A CLI tool to extract structured Q&A from documents using LLMs.

These details have not been verified by PyPI

Project links

Homepage

Development Status
- 3 - Alpha
Intended Audience
- Developers
License
- OSI Approved :: MIT License
Operating System
- OS Independent
Programming Language
- Python :: 3
Topic
- Scientific/Engineering :: Artificial Intelligence
- Text Processing

Project description

DAmon

Data Arrangement/Annotation via Simon's tool.

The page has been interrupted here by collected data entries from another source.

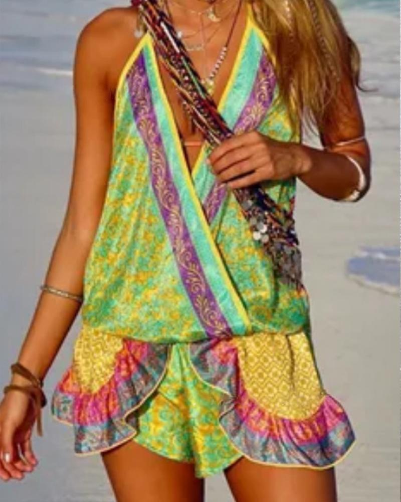 All Over Print Ruffle Hem Sleeveless Rompers, Yellow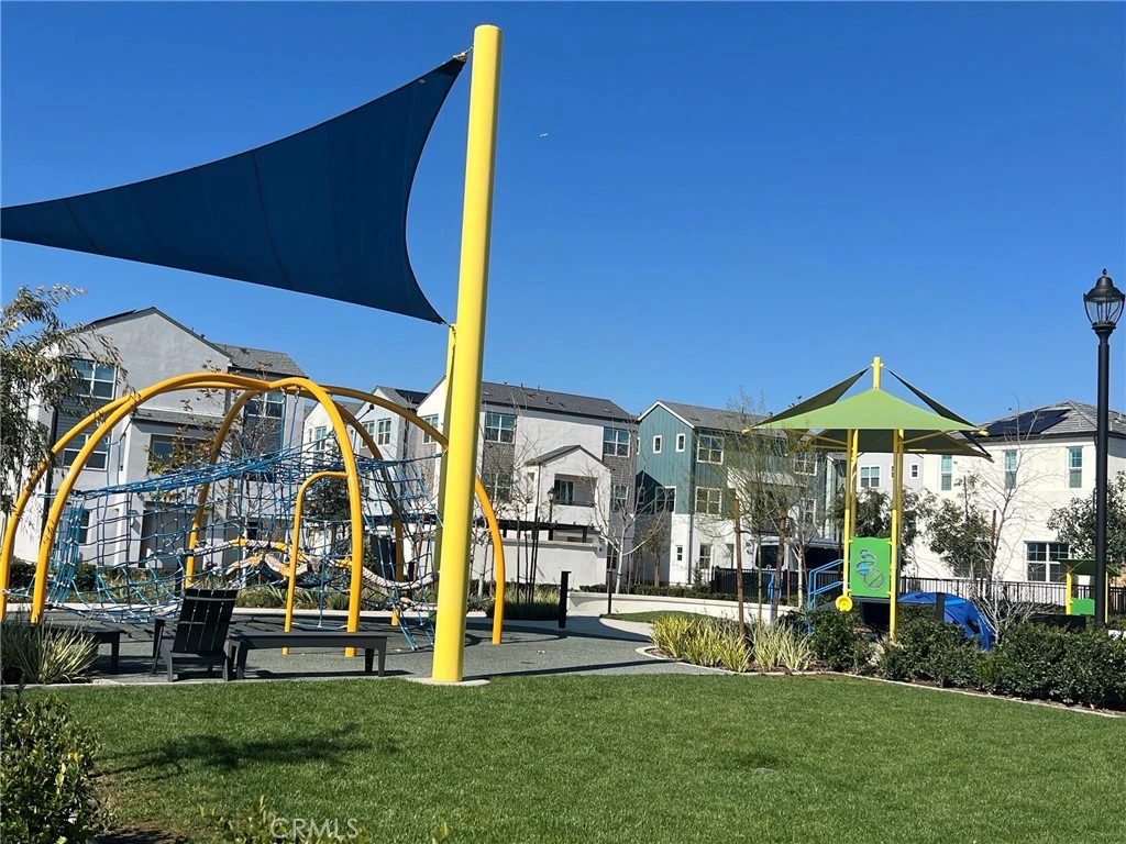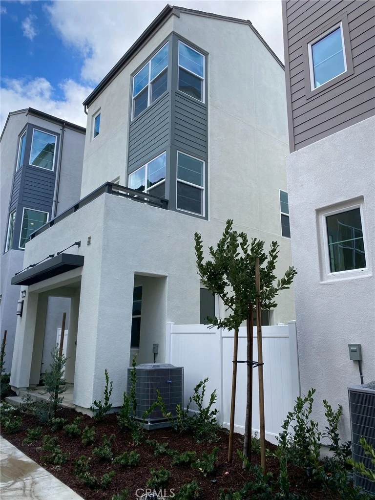 This modern detached three-story condo, Hyde Plan 1 at NUVO Parkside GATED community in the center of Ontario Ranch. SOLAR PAID OFF. This beautiful house features two bedrooms, both with their own bathroom, direct garage access, the main living area, comprising an open kitchen, white shaker style cabinets, quartz kitchen counter-top, pendant lighting over kitchen island, dining space, and living area that seamlessly opens to the second-floor deck, flooding the space with natural light and fresh air. Expect nothing less than GE stainless steel kitchen appliances and a GE stackable washer and dryer. There are two parking spaces, one in the garage and one outdoor car parking space next to the garage. The amenities include swimming pools, spa, clubhouse, BBQ grills, fire pit, indoor space for events, community fitness room, dog park, and a playground. This house is located close to grocery stores and supermarkets like Sprouts, 99 Ranch Market, Stater Bros., and Costco, etc. Fifteen to twenty minutes' drive to Ontario International Airport and Ontario Mills Mall. Close to 60 and 15 freeways.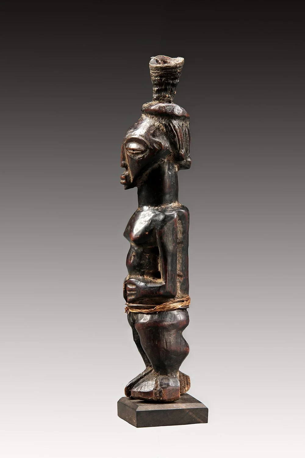 Songye fetish figures were used as an effective instrument for healing, fertility and protection from evil spirits, sorcerers and hostile powers. The figure is in good condition with some loss to the feet and an age crack along the left side. The fetish has a magical animal horn set into the crown of it’s head, hands to the abdomen and a rich reddish brown patina.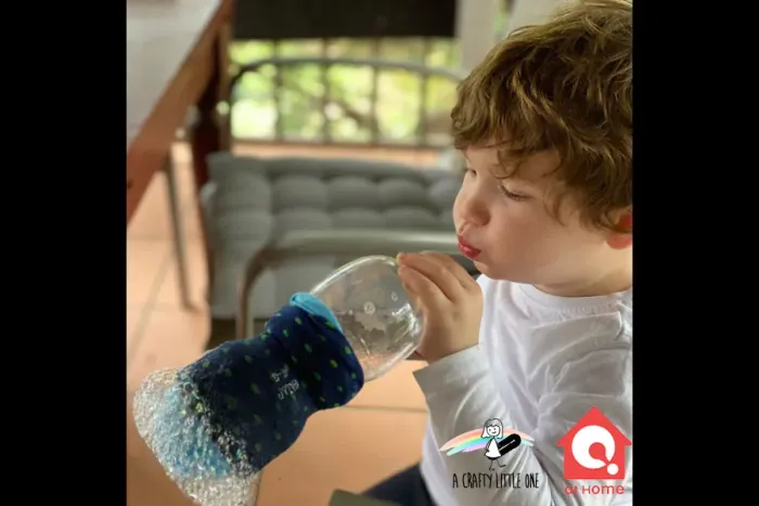 إليك لعبه سهلة و بسيطة سوف يستمتع بها طفلك! قم بقص قاع علبة الماء واتركها جانبا. ثم قم بإدخال جورب مناسب غير واسع من الأسفل واسحبه للأعلى بإحكام. تأكد من عدم تغطية فوهة العلبة! اغمس قاع علبة الماء المغطاة بالجورب في وعاء به خليط من الفيري والماء. الآن كل ما عليك فعله هو النفخ في فوهة العلبة ومشاهدة فقاعات الصابون تظهر
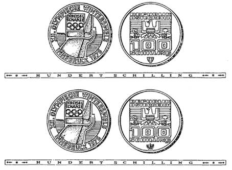 (1) Die eine Seite hat die Randinschrift „XII. Olympische Winterspiele Innsbruck 1976“ und die Abbildung einer stilisierten Sprungschanze mit der Bezeichnung „Bergisel Schanze“ sowie die Olympischen Ringe zu tragen.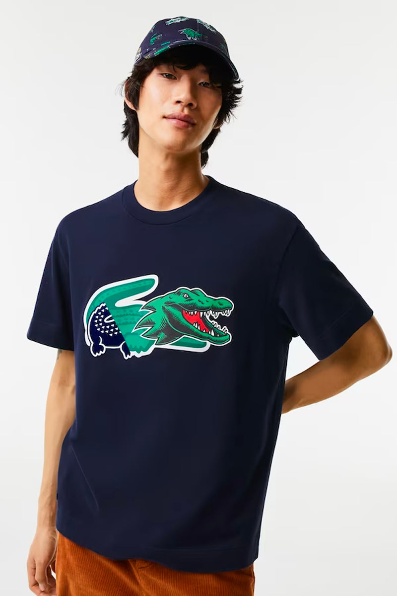 Men's Relaxed Fit Oversized Crocodile T-Shirt MARINE

A CLI tool to extract structured Q&A from documents using Large Language Models (LLMs).

Features
Installation
Configuration
Usage
- Extracting Q&A
- Pushing to Hugging Face Hub
Supported Document Types
Contributing
License

Features

Document Parsing: Automatically parses content from various document formats (PDF, CSV, DOCX, PPTX).
LLM-powered Q&A Extraction: Utilizes Litellm to interact with different LLMs (e.g., gemini/gemini-2.5-flash) to extract question-answer pairs and the AI's thought process.
Flexible Output: Exports extracted Q&A into JSONL, CSV, or Parquet formats.
Batch Processing: Processes single files or entire directories of documents.
Hugging Face Hub Integration: Easily push your extracted datasets to the Hugging Face Hub.

Installation

Install the package from PyPI:

pip install DAmon

Configuration

This tool uses litellm to interact with various LLM providers. You'll need to set up your API keys and specify the model.

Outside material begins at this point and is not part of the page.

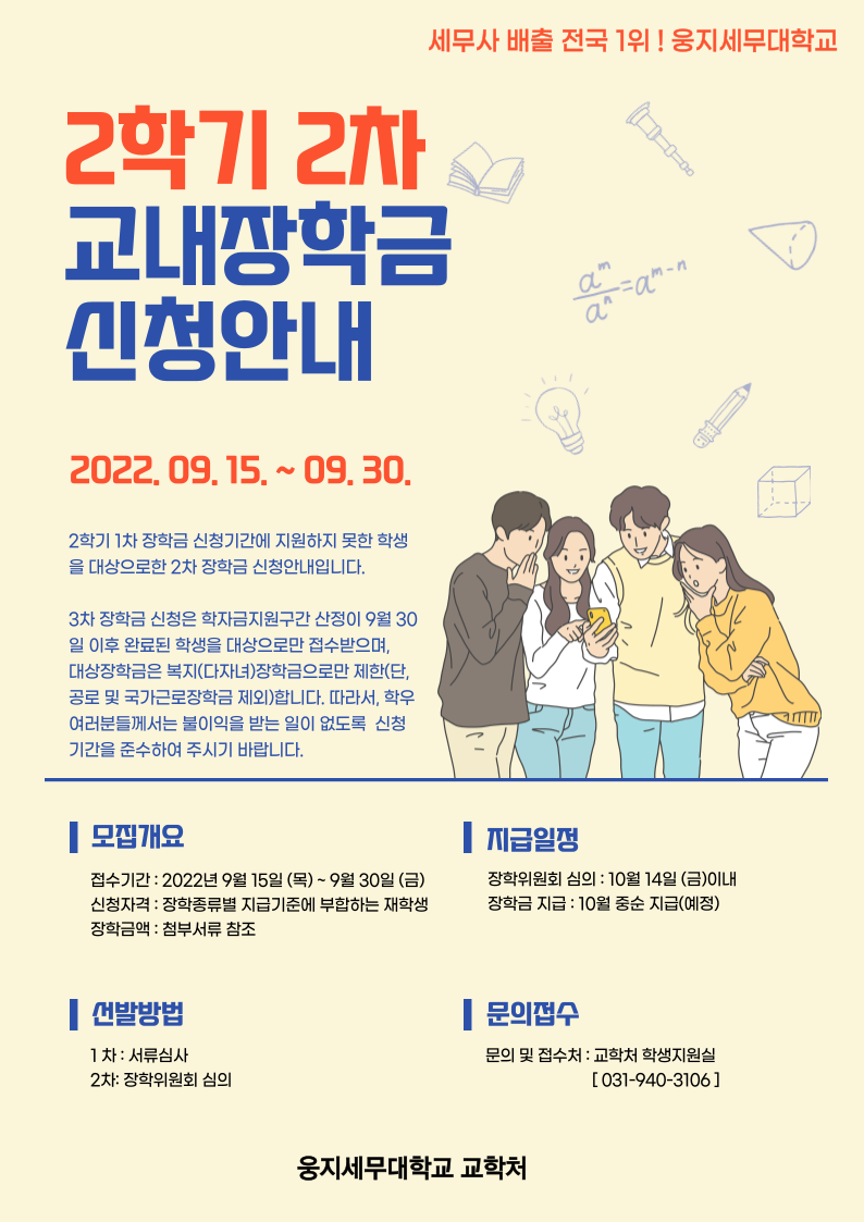 2022학년도 2학기 교내장학금 2차 신청 안내

Create a .env file in the root directory of the project and add your Litellm model and API key. For example, if you are using OpenAI:

GEMINI_API_KEY=<gemini-api-key>

Refer to the Litellm documentation for details on configuring different LLM providers and their respective environment variables.

Custom Prompt Template

You can customize the LLM's prompt template. The damon command will look for a file named DAMON_PROMPT.md in the directory where it is executed.

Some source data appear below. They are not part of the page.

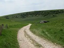 A path climbs up Whiteway Bottom to Pickers Hill and on the top there was a barrow field. It is ploughed out now. When the sun is low you can see bold prehistoric field lynchets at the head of the Whiteway combe (TQ 391 052), and back towards Highdole in the Rodmell parish, as well as up the dean around Long Bottom. The south slope of Whiteway Bottom (TQ 396 054) is a tranquil old Down pasture site. It was damaged by agro-chemicals at its western end, but the middle and eastern end are intact, with lots of butterflies, including small heath, chalkhill blue, common blue and marbled white, and lots of old Down pasture herbs.[9]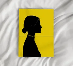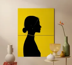 Un ritratto contemporaneo minimalista caratterizzato da forti contrasti e da una precisa linea orizzontale che struttura la composizione. La silhouette nera risalta sullo sfondo giallo vivido, creando un audace equilibrio grafico tra forma e spazio. I contorni puliti e i dettagli sobri conferiscono all'opera un aspetto moderno e sicuro, rendendola un elemento di grande impatto per interni dal design ricercato.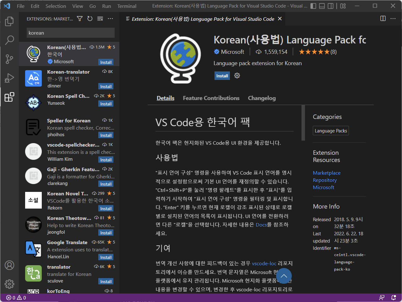 - 'Korean(사용법) Langage Pack for Visual Studio Code' 클릭
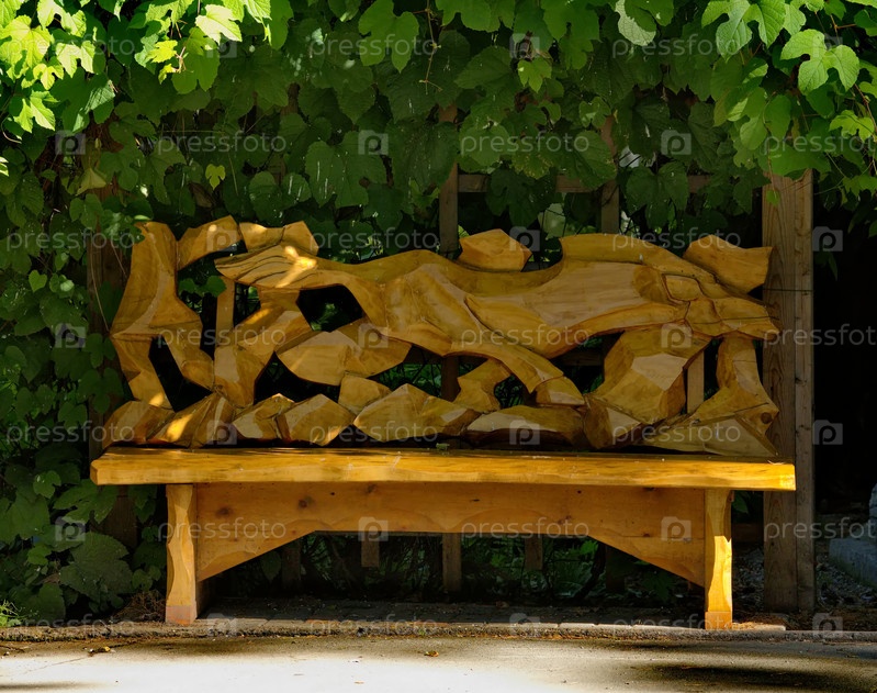Россия. Новосибирский зоопарк имени Ростислава Шилова. Креативная лавочка из резного деревянного бруса для отдыха посетителей зоопарка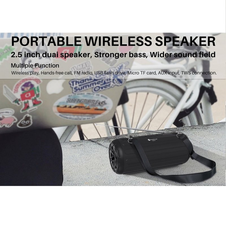 اسپیکر ها که به یکی از محصولات پر مصرف جوامع مختلف دنیا تبدیل شده اند امروزه قابلیت های متفاوتی را به ما ارائه می دهند. اسپیکر NEWRIXING NR-B1 یک بلندگو با قابلیت پخش موسیقی از فلش مموری و USB است ولی این درگاه تنها ورودی این اسپیکر نیست و شما می توانید با اتصال به بلوتوث دستگاه یا به وسیله یک کابل صدای AUX موسیقی مورد نظر خود را پخش کنید و از آن لذت ببرید. NEWRIXING NR-B1 یک اسپیکر دارای محلی برای نصب بند رو دوشی می باشد که حمل آن را بسیار آسان میکند و همچنین یک عدد بند در کارتن این اسپیکر قرار داده شده است.. صدای این اسپیکر به لطف بلندگوهایی با توان خروجی 2x3 واتی موسیقی را با کیفیت مناسبی برای شما پخش می کند. شما می توانید بدون نیاز به برق نیز به لطف باتری داخلی آن ساعت ها به موسیقی گوش فرا دهید. پورت های ورودی این اسپیکر در پشت آن قرار دارد و شما می توانید فلش USB یا کابل صدای AUX و مموری کارت خود را به دستگاه منتقل کنید. اسپیکر وایرلس NEWRIXING NR-B1 به صورتی طراحی شده است تا شما بتوانید از آن بر روی سطح های مختلفی استفاده کنید مخصوصا سطوح صاف که به خوبی روی آن خواهد ایستاد. شما می توانیدبا متصل کردن تلفن همراه خود یا رایانه شخصی که دارای بلوتوث باشد از این اسپیکر بدون نیاز به اتصال سیم استفاده کنید. قابلیت پخش صدا در هنگام مکالمه نیز از ویژگی های این اسپیکر است تا زمانی که شما در حال گوش دادن به موسیقی تماسی دریافت می کنید به آن پاسخ داده با اتمام آن بدون نیاز به اتصال مجدد به موسیقی خود گوش بسپارید. همپنین با دکمه هایی که بر روی این اسپیکر طراحی شده است سما می توانید تماس های خود را به راحتی کنترل کنید. در انتها اسپیکر NR-B1 یک اسپیکر همه چیز تمام می باشد.

If DAMON_PROMPT.md exists, its content will be used as the PROMPT_TEMPLATE.
If DAMON_PROMPT.md does not exist, the default prompt template embedded in DAmon/core.py will be used.

A template file, DAMON_PROMPT_template.md, has been provided in the project root. You can copy and rename this file to DAMON_PROMPT.md to start customizing your prompt.

Usage

The main command-line interface is damon.

Processing Documents

Use the process command to process documents and extract Q&A pairs.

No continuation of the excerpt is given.